Screen Shot 2021-10-05 at 5 27 08 AM

Would be great to add these Genbank/GISAID accessions and also possibly the PANGO lineage assigned at the time these were generated, along with version. But accessions would be most crucial to add.

lskatz commented 3 years ago

So for example in the VOI/VOC dataset, we have a sample name hCoV-19_Wales_PHWC-4C8F5E_2021 which would correspond to the GISAID sample with the same name but substitute _ for /, ie, hCoV-19/Wales/PHWC-4C8F5E/2021. Does that answer this issue?

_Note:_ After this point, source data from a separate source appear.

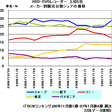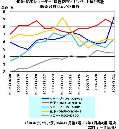 06年11月以降、今週1位から4位に入ったシャープ・松下の計4機種は、常に上位5位以内につけ、激しいシェア争いを繰り広げていた。もっともトップの座は、当初の「DMR-XP10」を同じ松下の「DMR-XW30」が逆転、さらに「DMR-XP10」が再浮上と、松下の独壇場だった。そこへシャープの「DV-ARW22」が急浮上してトップを奪った形だ。
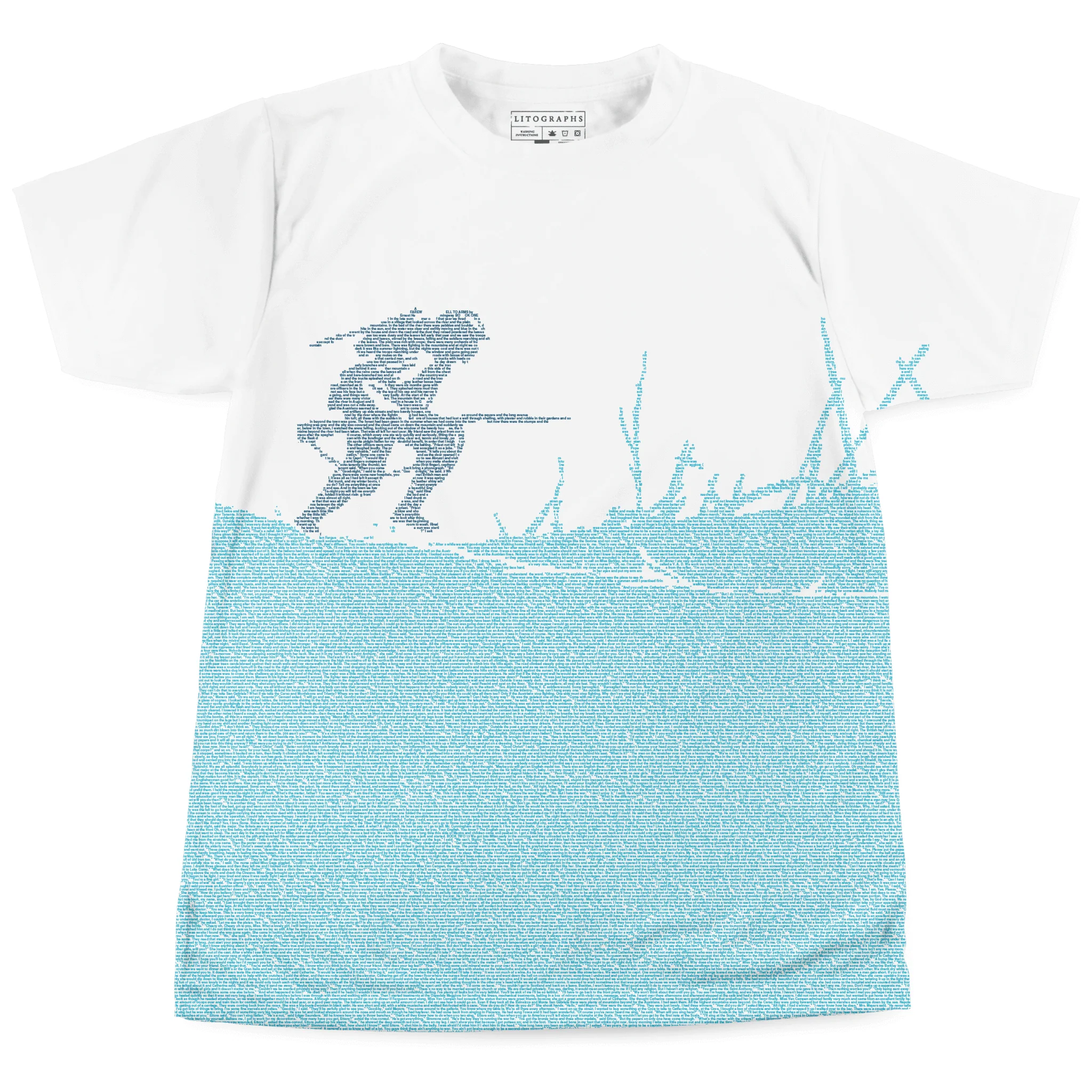 This t-shirt is created from the text of A Farewell to Arms by Ernest Hemingway.
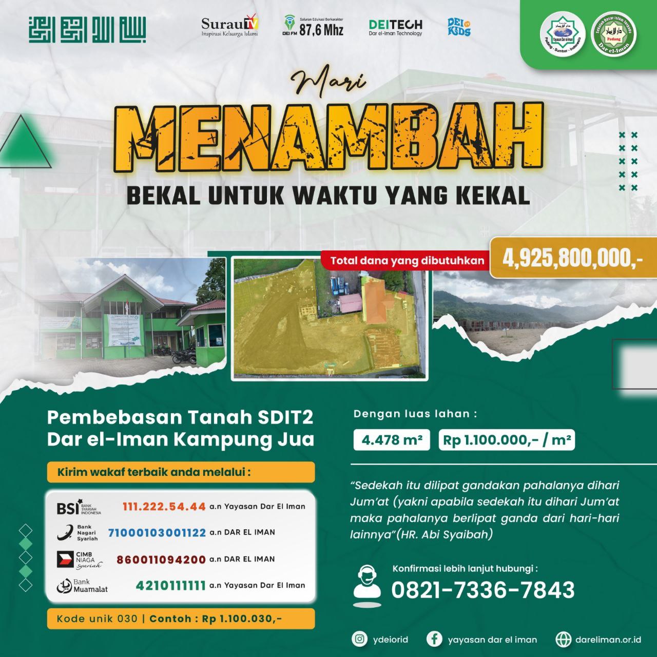 Yuk maksimalkan keberkahan hari ini, caranya dengan support Program Pembebasan Tanah Pendidikan SDIT2 Dar el-Iman Kampung Jua Rp 1.100.000,- /m²
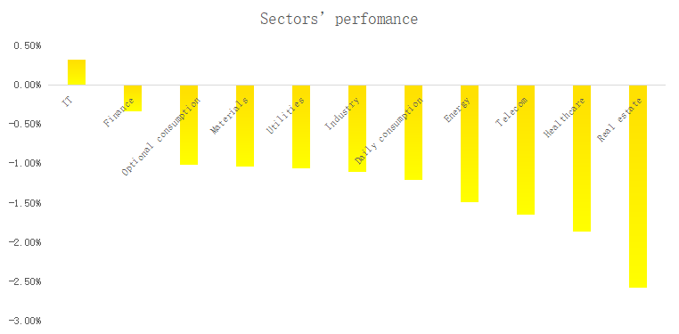 The market saw broad declines across most sectors this week, except for information technology. Real estate and healthcare were the hardest hit.
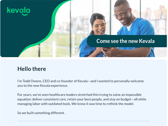 The heart of every healthcare business is mission-driven caregivers who love what they do. Kevala’s story needed to lead with that human reality—then make the case for a technology-driven solution that helps teams do their best work: caring for patients.
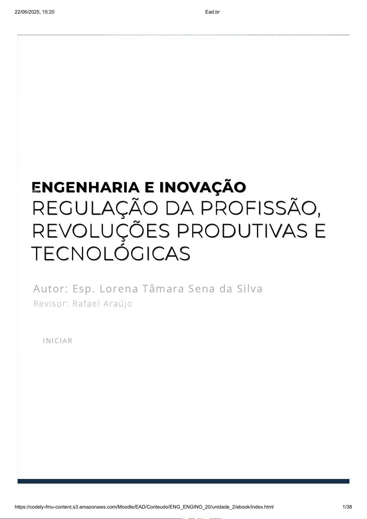 ENGENHARIA E INOVAÇÃOENGENHARIA E INOVAÇÃO REGULAÇÃO DA PROFISSÃO,REGULAÇÃO DA PROFISSÃO, REVOLUÇÕES PRODUTIVAS EREVOLUÇÕES PRODUTIVAS E TECNOLÓGICASTECNOLÓGICAS Autor: Esp. Lorena Tâmara Sena da Silva Revisor : Rafae l Araújo IN IC IAR 22/06/2025, 15:20 Ead.br https://codely-fmu-content.s3.amazonaws.com/Moodle/EAD/Conteudo/ENG_ENGINO_20/unidade_2/ebook/index.html 1/38 introdução Introdução Olá, seja bem-vindo a mais uma unidade da disciplina de Engenharia e Inovação. Você conhece as principais entidades que regem a atuação profissional dos(as) engenheiros(as)? Como elas podem atuar em defesa da classe, como são organizadas e que atribuições descrevem? Esse conhecimento é essencial para projetar sua carreira! Com o intuito de prepará-los da forma mais competitiva, este será o conteúdo de parte desta unidade: a explanação sobre o sistema CONFEA/CREA. Posteriormente, continuando com o objetivo inicial da disciplina, de contextualizar o panorama tecnológico e econômico que o engenheiro(a) está inserido, apresentaremos a evolução dos sistemas produtivos e as revoluções tecnológicas: do artesanato ao Volvismo, da Primeira Revolução Industrial à atual indústria 4.0. 22/06/2025, 15:20 Ead.br https://codely-fmu-content.s3.amazonaws.com/Moodle/EAD/Conteudo/ENG_ENGINO_20/unidade_2/ebook/index.html 2/38 Toda atuação profissional, de qualquer área, segue uma série de regulamentações estabelecidas pelos órgãos oficiais. Esses órgãos, além de regulamentarem, possuem uma série de leis, regimentos e outros documentos que listam direitos, deveres e atribuições para toda a profissão e por modalidade. Conhecer profundamente o conselho profissional é importante, não apenas por questões de responsabilidade profissional, ética e social, mas também para o planejamento de carreira, na medida em que descreve os escopos de atividades que cada tipo de engenharia está apto e capaz de atuar. Histórico A primeira menção regulamentada do exercício da prática profissional de engenharia data de 1933, remete ao Decreto Federal nº 23.196 (BRASIL, 1933a), que regulava o exercício da profissional do agrônomo ou engenheiro agrônomo. Regulamentação deRegulamentação de CarreiraCarreira 22/06/2025, 15:20 Ead.br https://codely-fmu-content.s3.amazonaws.com/Moodle/EAD/Conteudo/ENG_ENGINO_20/unidade_2/ebook/index.html 3/38 Logo em seguida, no mesmo ano, surgia o Decreto Federal nº 23.569 (BRASIL, 1933b), que regulamentou as profissões de Engenharia, Arquitetura e Agrimensura, criando o Conselho Federal de Engenharia, Arquitetura e Agrimensura (CONFEA), bem como os Conselhos Regionais (CREA). Vale ressalvar que décadas depois, em 1966, a Lei nº 5.194 (BRASIL, 1966) revogou os decretos anteriores, regulando o exercício das profissões de engenheiro, arquiteto e engenheiro agrônomo. A lei conferiu maior autonomia ao Confea e incluiu a expressão Agronomia nas denominações dos conselhos. Fato importante e relativamente recente é que o exercício da Arquitetura e Urbanismo foi separado em 2010. É de responsabilidade de outros conselhos, pela Lei nº 12.378: o Conselho de Arquitetura e Urbanismo do Brasil (CAU/BR) e os Conselhos de Arquitetura e Urbanismo dos Estados e do Distrito Federal (BRASIL, 2010). Por fim, a sigla CONFEA, atualmente, significa Conselho Federal de Engenharia e Agronomia, e CREA, Conselho Regionais de Engenharia e Agronomia. Componentes e Objetivos Segundo Colla e Reinehr (2013), são componentes do sistema CONFEA/CREA: 1. Entidades associativas: organizações de direito privado e sem fins lucrativos, que congregam profissionais afins e em torno de interesses comuns. 2. Entidades sindicais: entidades de direito privado que representam uma determinada categoria profissional (engenheiros, comerciários, professores, dentre outros) ou trabalhadores de um ramo de produção (alimentício, metalúrgico, químico, dentre outros), que têm como objetivo defender e reivindicar os interesses trabalhistas. 3. Instituições de ensino: instituições responsáveis pela formação profissional, pela geração de tecnologias, por meio da pesquisa, e pela integração à 22/06/2025, 15:20 Ead.br https://codely-fmu-content.s3.amazonaws.com/Moodle/EAD/Conteudo/ENG_ENGINO_20/unidade_2/ebook/index.html 4/38 comunidade por meio da extensão. O sistema CONFEA/CREA é criado pelo Decreto Federal nº 23.569 (BRASIL, 1933b) e regula o exercício das profissões de engenharia, de arquitetura e de agrimensura. Ao Conselho Federal de Engenharia e Agronomia (CONFEA) cabe: discutir e ratificar decisões e resoluções dos CREAs (conselhos regionais); definir atribuições e a verificação/fiscalização do exercício dos(as) profissionais vinculados; ser a última instância para recursos em processos. Já os Conselhos Regionais de Engenharia e Agronomia (CREA), são autarquias subordinadas às regulamentações do CONFEA (BRASIL, 1933b), que têm como objetivos, dentre outros: atuar em defesa da comunidade, ou seja, zelar pelos interesses sociais e humanos; fiscalização, orientação, controle e aprimoramento do exercício do profissional; reprimir a atividade de pessoas físicas e jurídicas não habilitadas ou que ultrapassem as suas atribuições. Registro Por se tratarem de profissões regulamentadas, ao se graduar em um dos cursos cadastrados e regulamentados pelo CREA, como Engenharia, Agronomia, Geologia, Geografia e Meteorologia, o desempenho de qualquer atividade será validada pelo registro e obtenção da carteira do CREA/ESTADO, com a qual o(a) profissional pretende desempenhar suas atividades e realizar o pagamento da anuidade. Caso um(a) profissional sem habilitação e registro exercer atividade delimitada pelo conselho de classe, haverá enquadramento no artigo 6º da Lei 5.194/66, por exercício ilegal da profissão (CREA, 2019). 22/06/2025, 15:20 Ead.br https://codely-fmu-content.s3.amazonaws.com/Moodle/EAD/Conteudo/ENG_ENGINO_20

proychou commented 3 years ago

Doesn't really help because we'd still need to look these up one by one in GISAID after doing those substitutions. Alternatively, if one has access they could query the larger GISAID metadata file. It seems like unnecessary steps though, and not everyone has access to those datasets. However, if accessions were provided, those could be entered directly into the GISAID search tool which all users have access to.

It's also inconsistent between the voc and non-voc set. The latter does have the Genbank accessions. Seems like the best solution would just be to provide Genbank/GISAID accessions for both, no?

lskatz commented 3 years ago

Hi @proychou does @daisy0223 's latest address the issue?

proychou commented 3 years ago

Yes, perfect! Thank you!!

lskatz commented 3 years ago

Okay great. Thank you for your feedback and helping us make these datasets better!